## Given records
⁂
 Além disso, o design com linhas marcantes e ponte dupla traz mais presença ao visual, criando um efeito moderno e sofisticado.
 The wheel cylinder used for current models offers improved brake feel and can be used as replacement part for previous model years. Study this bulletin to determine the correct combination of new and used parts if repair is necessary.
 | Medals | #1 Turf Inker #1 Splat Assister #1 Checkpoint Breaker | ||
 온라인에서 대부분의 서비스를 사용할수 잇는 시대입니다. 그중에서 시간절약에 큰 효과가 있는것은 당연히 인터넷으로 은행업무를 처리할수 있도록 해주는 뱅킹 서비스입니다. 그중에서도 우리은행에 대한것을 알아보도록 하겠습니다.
⁂
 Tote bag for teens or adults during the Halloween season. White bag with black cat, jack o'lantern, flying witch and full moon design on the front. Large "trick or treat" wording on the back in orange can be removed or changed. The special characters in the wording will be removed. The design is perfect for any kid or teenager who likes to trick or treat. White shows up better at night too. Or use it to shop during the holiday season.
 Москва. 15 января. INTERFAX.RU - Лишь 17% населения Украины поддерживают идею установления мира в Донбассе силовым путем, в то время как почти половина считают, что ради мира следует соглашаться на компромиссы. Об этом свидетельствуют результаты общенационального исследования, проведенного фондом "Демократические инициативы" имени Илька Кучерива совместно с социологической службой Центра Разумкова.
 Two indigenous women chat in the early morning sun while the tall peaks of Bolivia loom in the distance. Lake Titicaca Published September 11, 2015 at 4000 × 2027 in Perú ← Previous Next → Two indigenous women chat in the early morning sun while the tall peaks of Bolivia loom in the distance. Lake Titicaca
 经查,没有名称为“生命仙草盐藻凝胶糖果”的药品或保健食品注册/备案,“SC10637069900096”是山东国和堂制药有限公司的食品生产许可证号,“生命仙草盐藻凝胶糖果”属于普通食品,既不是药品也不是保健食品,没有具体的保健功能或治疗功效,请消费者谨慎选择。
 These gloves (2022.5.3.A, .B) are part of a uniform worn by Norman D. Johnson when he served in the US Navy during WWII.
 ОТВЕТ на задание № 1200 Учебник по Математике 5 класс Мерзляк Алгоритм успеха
⁂
## Task brief
Working from the material above, restate word for word the lines between the line with "Além disso, o" and the line with "온라인에서 대부분의 서비스를", both included, and only those.

## Answer section
 Além disso, o design com linhas marcantes e ponte dupla traz mais presença ao visual, criando um efeito moderno e sofisticado.
 The wheel cylinder used for current models offers improved brake feel and can be used as replacement part for previous model years. Study this bulletin to determine the correct combination of new and used parts if repair is necessary.
 | Medals | #1 Turf Inker #1 Splat Assister #1 Checkpoint Breaker | ||
 온라인에서 대부분의 서비스를 사용할수 잇는 시대입니다. 그중에서 시간절약에 큰 효과가 있는것은 당연히 인터넷으로 은행업무를 처리할수 있도록 해주는 뱅킹 서비스입니다. 그중에서도 우리은행에 대한것을 알아보도록 하겠습니다.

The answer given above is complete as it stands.